Banks announce harder lending requirements

A new report from the US Federal Reserve shows that banks are tightening their lending standards for both consumer and business loans. This follows the recent failures of three major banks and could lead to a slowdown in the economy in the coming months. Banks are implementing measures such as requiring higher credit scores, higher interest rates, and more collateral to make it harder for businesses and consumers to obtain loans.

According to the senior loan officers survey, 46% of all banks said they had raised standards for commercial and industrial loans, up slightly from the previous quarter. A majority of banks plan to tighten credit even further this year, potentially starving firms and households of credit and increasing the risk of a recession in the second half of the year.

Economists are uncertain when a reduction in lending will start to affect the economy and to what extent. The Federal Reserve staff economists have forecast a “mild recession” for later this year, partly due to the expected reduction in lending. Last week, Federal Reserve Chair Jerome Powell stated that the banking sector’s turmoil could slow the economy and reduce inflation, which could mean that the Fed would not have to raise interest rates as high as it would otherwise.

The Fed’s report also noted that banks are restricting credit for most consumer loans, including auto and credit card lending and home equity lines of credit.
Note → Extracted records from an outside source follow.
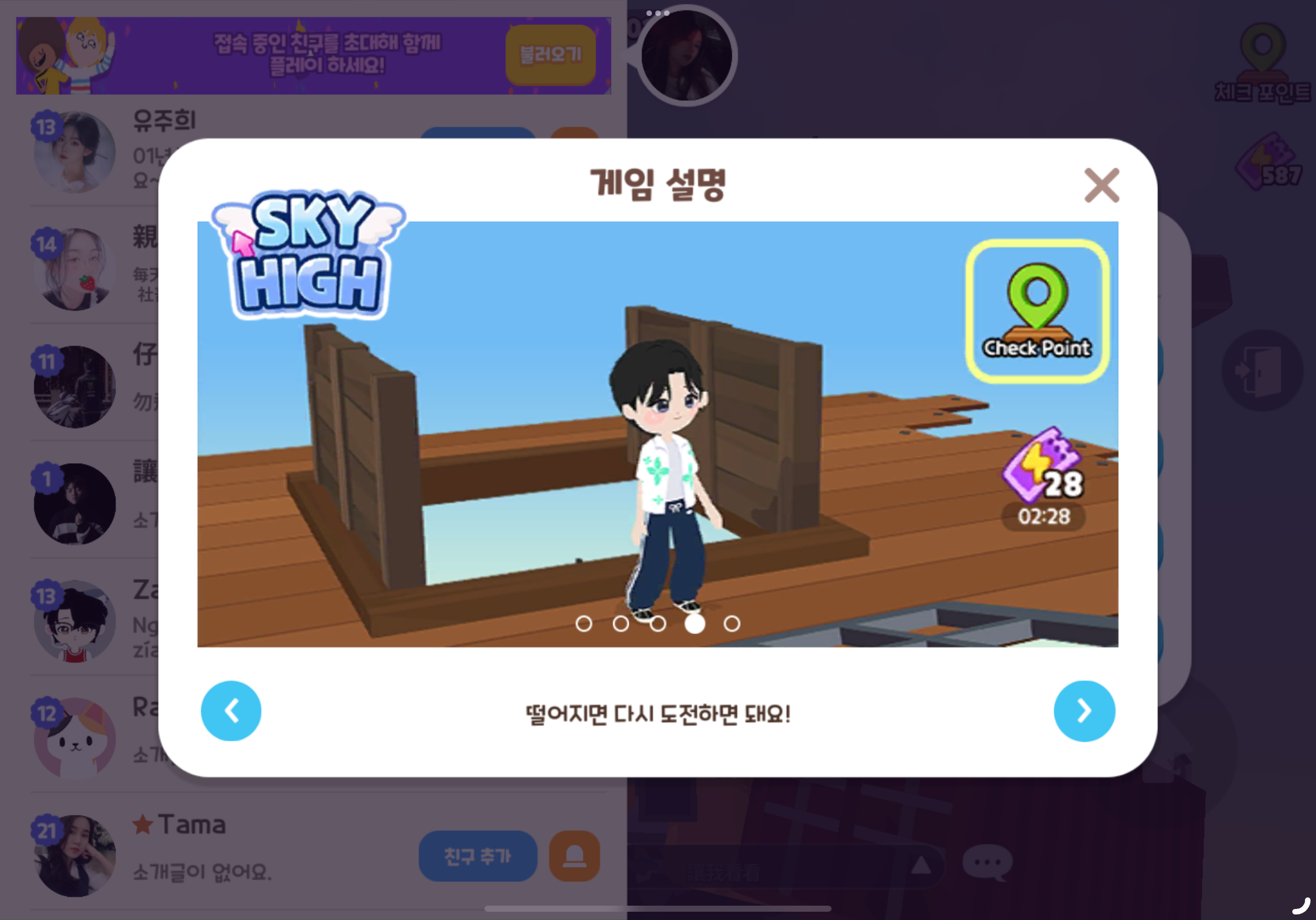 떨어지면 일정 횟수만큼 다시 도전 가능하다. 게임티켓 30개까지 쓸 수 있는듯. 헐.. 일부러 떨어지면 안되겠네 !!
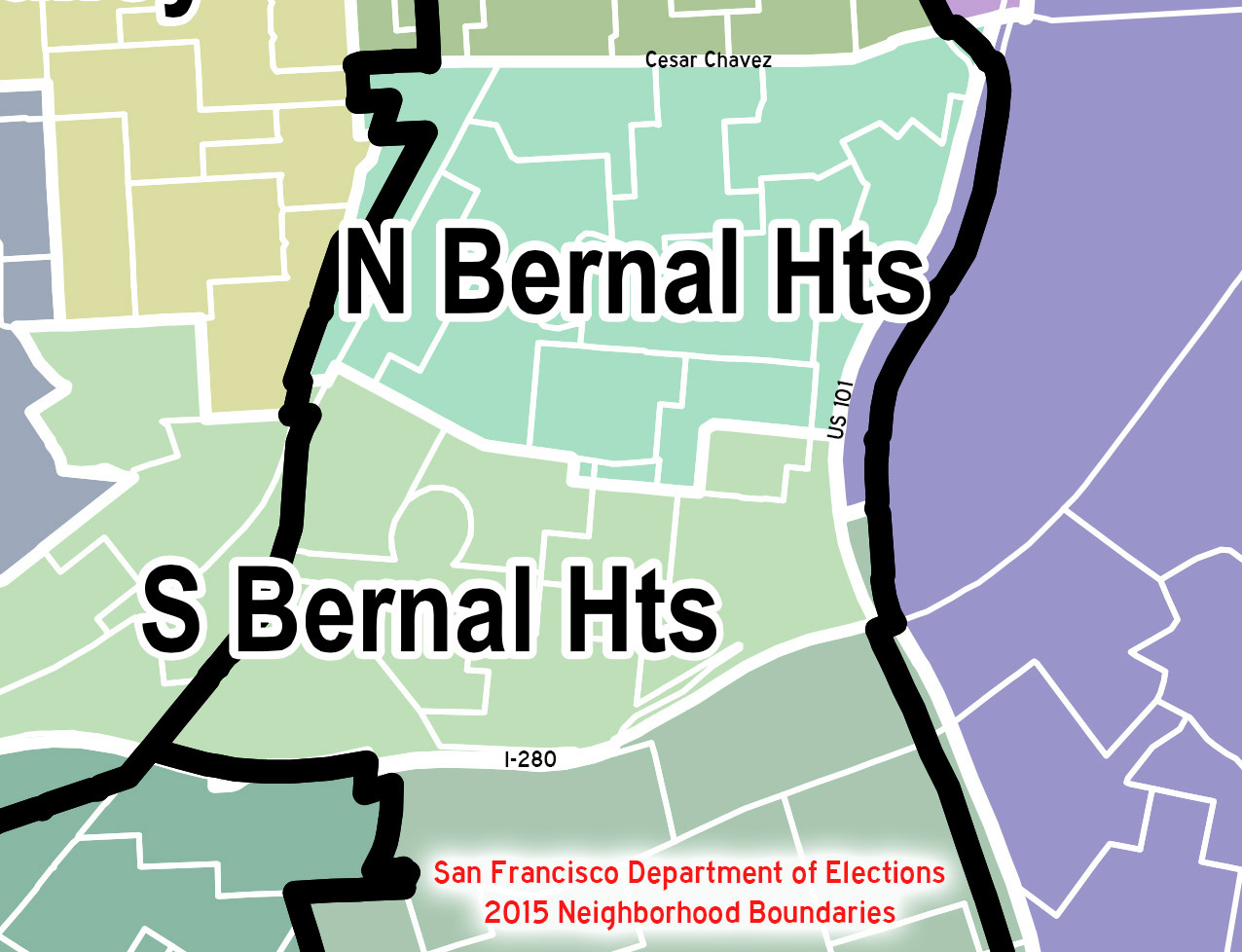 The difference in the result between North and South Bernal prompted Todd to wonder how the Dep’t of Elections defines the two voting districts. As you can see in the Election Departmment map shown above, North Bernal includes the more left-leaning microhoods in west Bernal and around the summit of Bernal Hill, while South Bernal includes the more centrist St. Mary’s microhood, along with some of our ancestral kin from the Bernal Glen area on the other side of the Bernal Cut.
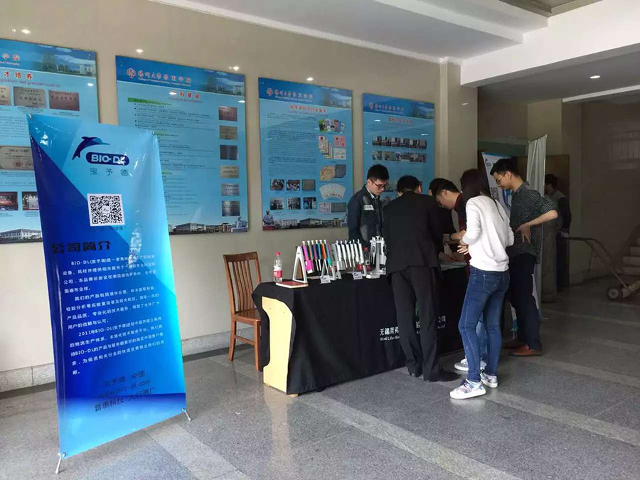 2016年5月9日-5月12日,寶予德(中國)春季高校儀器巡回展第五站在江蘇三所著(zhù)名高校如期舉行,BIO-DL寶予德和當地代理商合作展出了移液系列產(chǎn)品和分子生物學(xué)相關(guān)實(shí)驗儀器。優(yōu)良的產(chǎn)品,貼心的服務(wù),精美的禮品,吸引了許多科研工作者前來(lái)問(wèn)詢(xún)。 在巡展中,BIO-DL寶予德維修工程師現場(chǎng)為用戶(hù)進(jìn)行移液器校準及維護,技術(shù)專(zhuān)員與老師、同學(xué)們熱情互動(dòng),答疑解難,加強了用戶(hù)對移液器規范操作和日常維護的了解。 下面是活動(dòng)回顧:
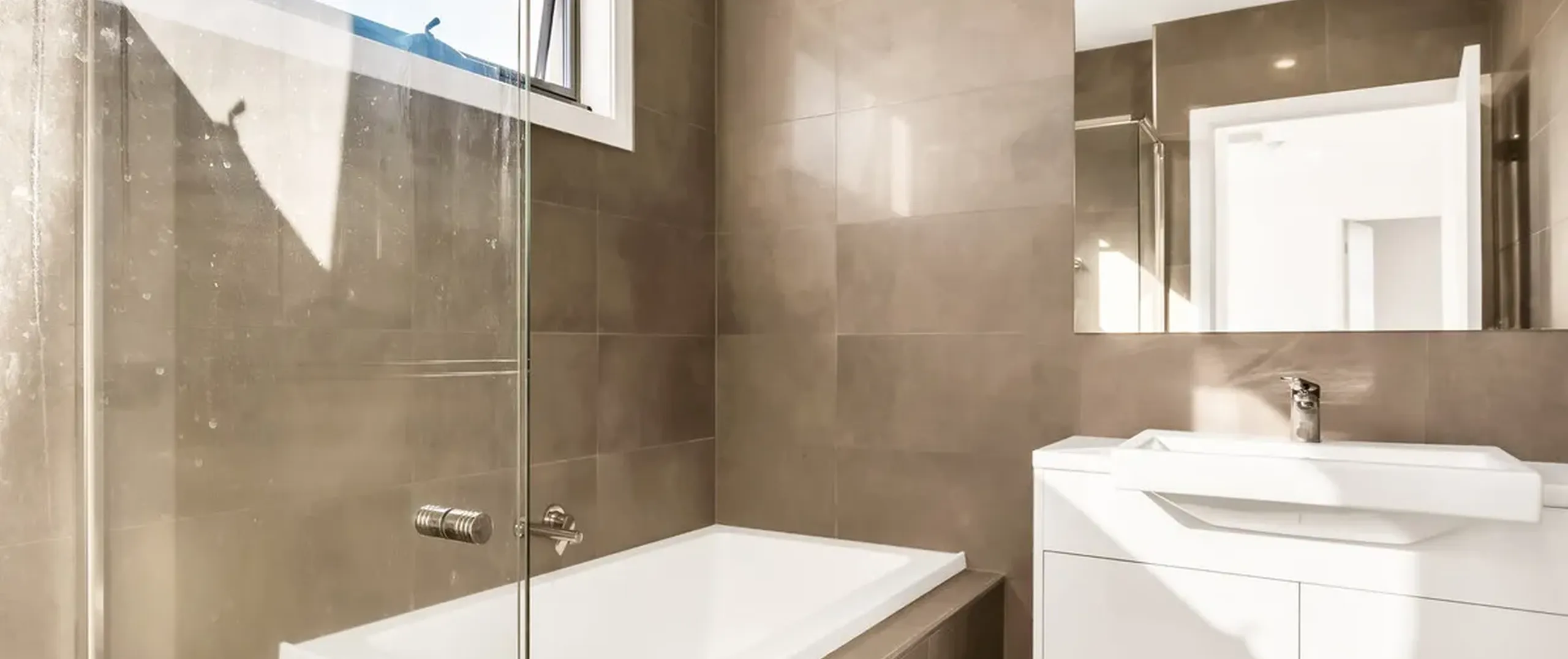 - Two-way dual access ensuite with floor to ceiling tiles, corner shower, toilet, vanity with below storage and large mirror

The report follows other signs that the collapse of three major banks in the past two months has led other financial institutions to reduce their lending to conserve capital. Tighter credit standards are expected to lead to a reduction in lending, forcing businesses to pull back on expansion plans and reduce hiring, and limiting sales of cars and homes.
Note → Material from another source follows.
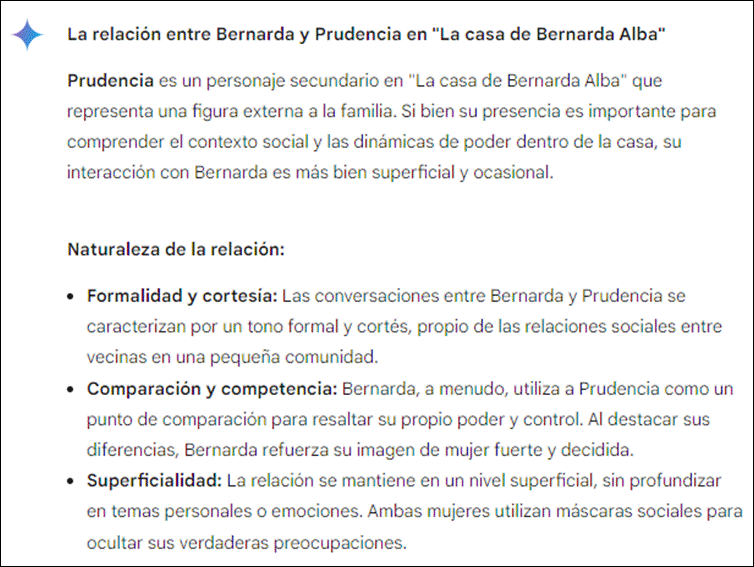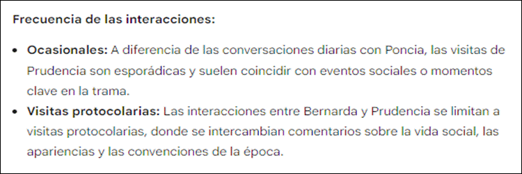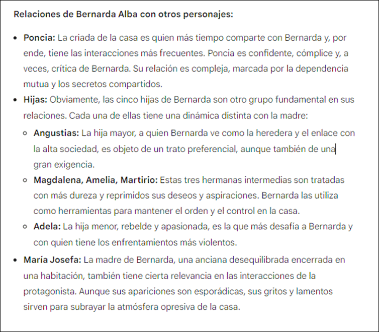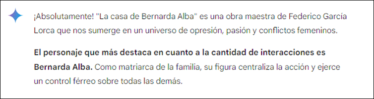 Al analizar el texto visualizado, en la primera parte de la respuesta (Figura 3) se indica que el personaje más destacado es Bernarda, lo que coincide con lo derivado en los dos análisis anteriores usando los otros dos recursos. Lo anterior, puede derivar en generar una nueva pregunta a la IA, para lo que se debe seguir indagando mediante prompts, lo que podría considerarse como una iteración hasta llegar a la decisión de terminar este proceso. Podríamos entonces, volver a usar una estrategia de prompt para solicitar más información, esta vez consultando lo que se visualiza en la Figura 5.

The survey polled 65 US banks and US branches of 19 foreign banks. The results were gathered between March 27 and April 7, well after the failures of Silicon Valley Bank and Signature Bank in early March, which touched off the latest round of bank turmoil. The Fed’s report said that mid-sized banks, those with assets between $50 billion and $250 billion like the three failed banks in March, were more likely to report tighter standards.